Redundant Connection

In this problem, a tree is an undirected graph that is connected and has no cycles.

The given input is a graph that started as a tree with N nodes (with distinct values 1, 2, ..., N), with one additional edge added. The added edge has two different vertices chosen from 1 to N, and was not an edge that already existed.

The resulting graph is given as a 2D-array of edges. Each element of edges is a pair [u, v] with u < v, that represents an undirected edge connecting nodes u and v.

Return an edge that can be removed so that the resulting graph is a tree of N nodes. If there are multiple answers, return the answer that occurs last in the given 2D-array. The answer edge [u, v] should be in the same format, with u < v.

Example 1:

Input: [[1,2], [1,3], [2,3]]
Output: [2,3]
Explanation: The given undirected graph will be like this:
  1
 / \
2 - 3

Example 2:

Input: [[1,2], [2,3], [3,4], [1,4], [1,5]]
Output: [1,4]
Explanation: The given undirected graph will be like this:
5 - 1 - 2
    |   |
    4 - 3

Note:

The size of the input 2D-array will be between 3 and 1000.

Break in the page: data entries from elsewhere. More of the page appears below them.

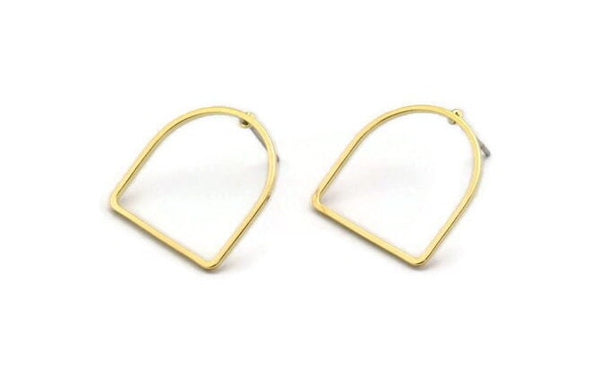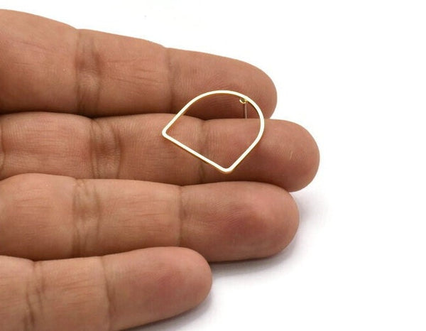 D Shape Earring, 8 Raw Brass D Shape Stud Earrings (19x19x1mm) BS 2329 A6861
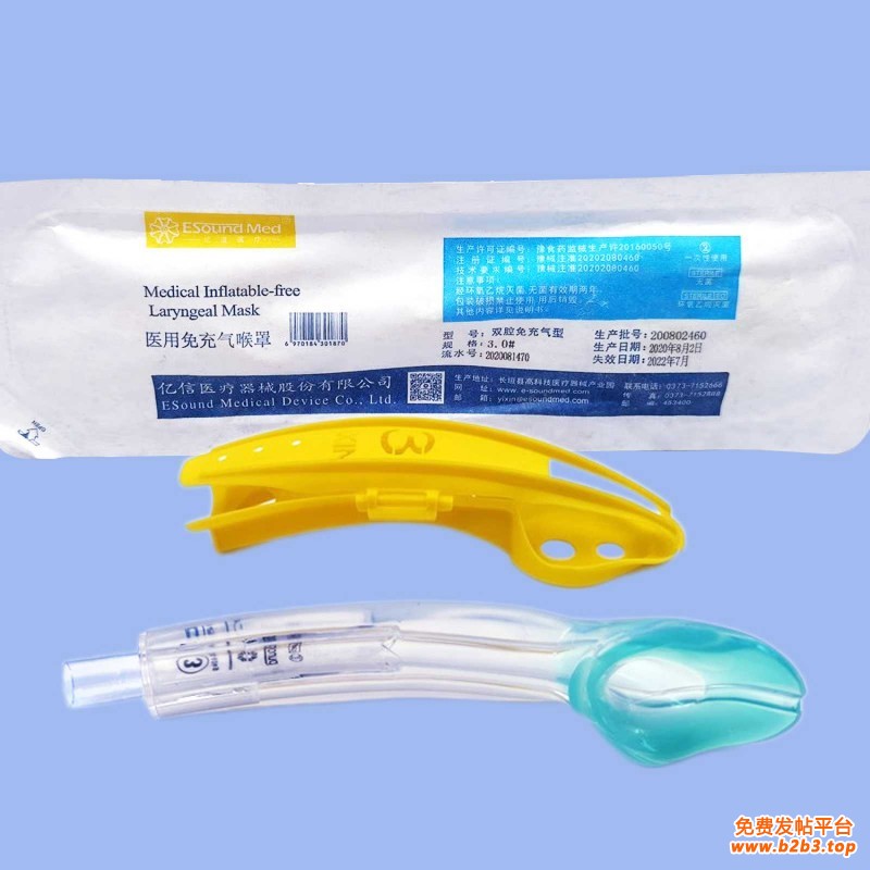【使用方法】 选择合适的型号,检查喉罩是否有明显的缺陷或锋利边角。 在喉罩背部涂少量可溶于手的润滑剂,一手以握笔式夹住喉罩。 将病人的口张开,置喉罩的背部部于前侧牙齿的后部。 将产品的柔软沿硬腭、软腭向后顺序进入,持续沿头颅方向向后压至下咽部部位直到感觉有特征阻力为止(提示到达上气管括约肌)。 从上颌前两侧用胶带固定好喉罩。 喉罩拔出 直接拔出医用免充气喉罩
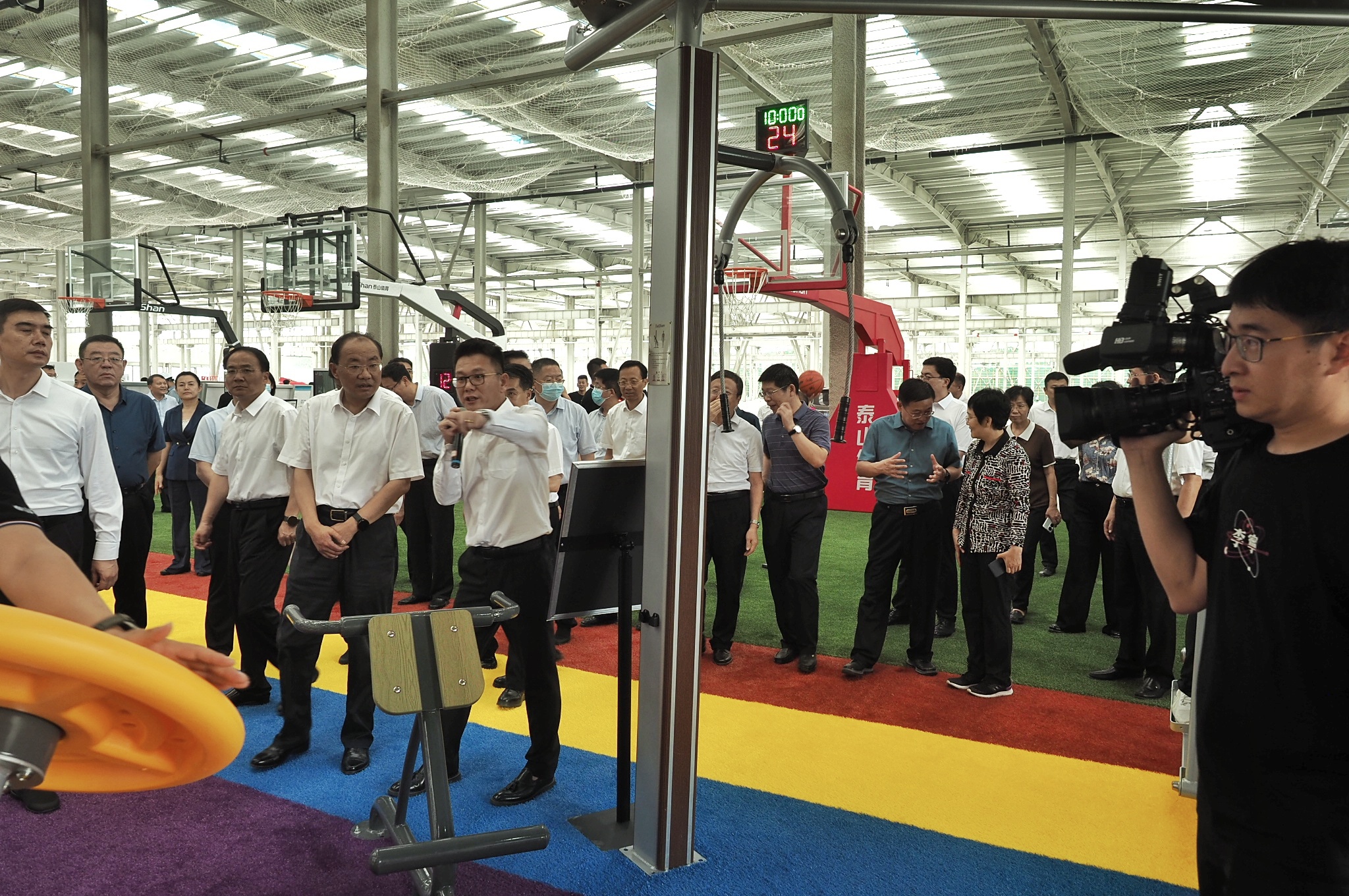 观摩组一行在观看好博体育体育智能全民健身器材系列时,对城市力量“加油站”、智能健身驿站表现出浓厚的兴趣,该系列产品结构设计新颖美观,造型自如,集多种智能器材于一体,可实现健身数据自动采集,对好博体育体育产品智能化升级给予充分肯定。

Every integer represented in the 2D-array will be between 1 and N, where N is the size of the input array.

class Solution {
    public int[] findRedundantConnection(int[][] edges) {
        HashMap<Integer, Integer> parent = new HashMap<>();
        for (int i = 1; i <= edges.length; i++)
            parent.put(i, i);

        for (int[] edge : edges) {
            int from = edge[0], to = edge[1];
            int fromParent = findTopParent(parent, from);
            int toParent = findTopParent(parent, to);
            if (fromParent == toParent)
                return edge;
            parent.put(fromParent, toParent);
        }

        return null;
    }

    private int findTopParent(HashMap<Integer, Integer> parent, int node) {
        while (node != parent.get(node))
            node = parent.get(node);
        return node;
    }
}